A novel animal model of insulin resistance, the fructose-fed Syrian golden hamster has been previously documented to exhibit considerable hepatic very-low-density lipoprotein (VLDL) overproduction concomitant with the development of whole body insulin resistance. Here, we investigated whether hepatic lipoprotein overproduction can be ameliorated by treatment with a hydroxymethyl glutaryl conenzyme A (HMG-CoA) reductase inhibitor, atorvastatin, using a series of ex vivo experiments. Hamsters were fed a fructose-enriched diet for 14 days to induce a state of insulin resistance, and then continued on a fructose-enriched diet supplemented with or without 40 mg/kg atorvastatin per day for 14 days. Fructose feeding in the first 2 weeks caused a significant increase in plasma total cholesterol and triglyceride levels. There was a significant decline in plasma triglyceride levels following supplementation with the inhibitor (50% to 59%; P <.05). Experiments with primary hepatocytes revealed a decreased VLDL-apolipoprotein B (apoB) production (37.4% +/- 10.4%; P <.05) in hamsters treated with atorvastatin. Interestingly, atorvastatin treatment partially attenuated (by 23%) the elevated hepatic level of microsomal triglyceride transfer protein (MTP) induced by fructose feeding.

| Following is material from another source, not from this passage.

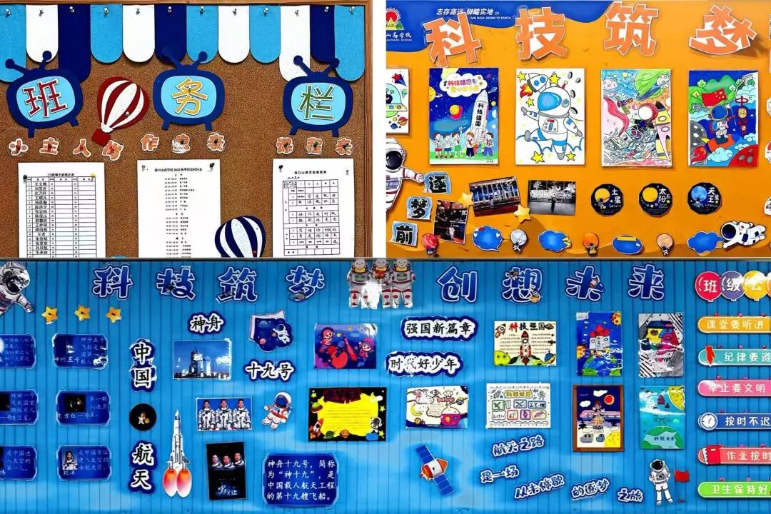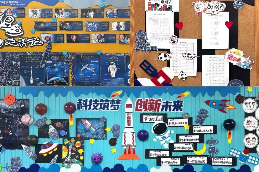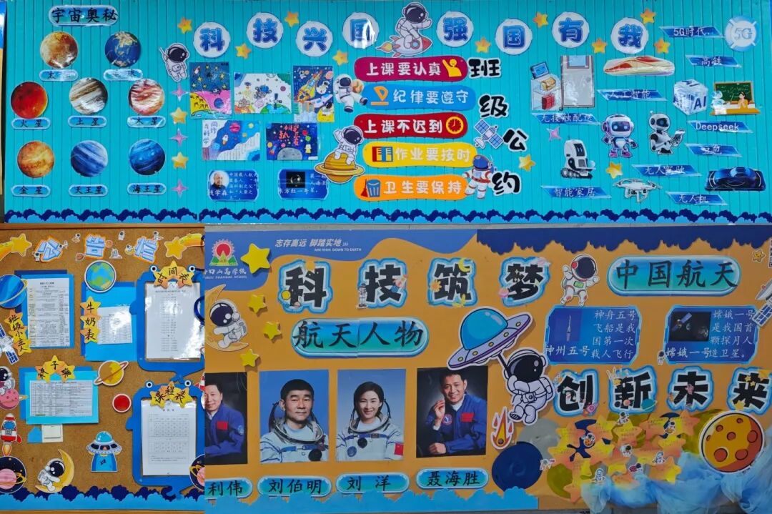 三年级以“科技筑梦、创想未来”为核心,打造沉浸式科技教室。学生自主创作的航天器模型细节满满,星空板报绚丽多彩,整体布置兼具知识性与互动性,激发学生探索热情。

There was molecular evidence of improved hepatic insulin sensitivity with atorvastatin treatment based on assessment of the phosphorylation status of the insulin receptor and the expression of protein tyrosine phosphatase-1B. The improvement in insulin signaling was not mediated by a change in hepatic triglyceride accumulation as no significant difference was observed in liver triglyceride levels. Taken together, these data suggest that statins can ameliorate the VLDL-apoB overproduction state observed in a fructose-fed, insulin-resistant hamster model, and may potentially contribute to an enhanced hepatic insulin sensitivity.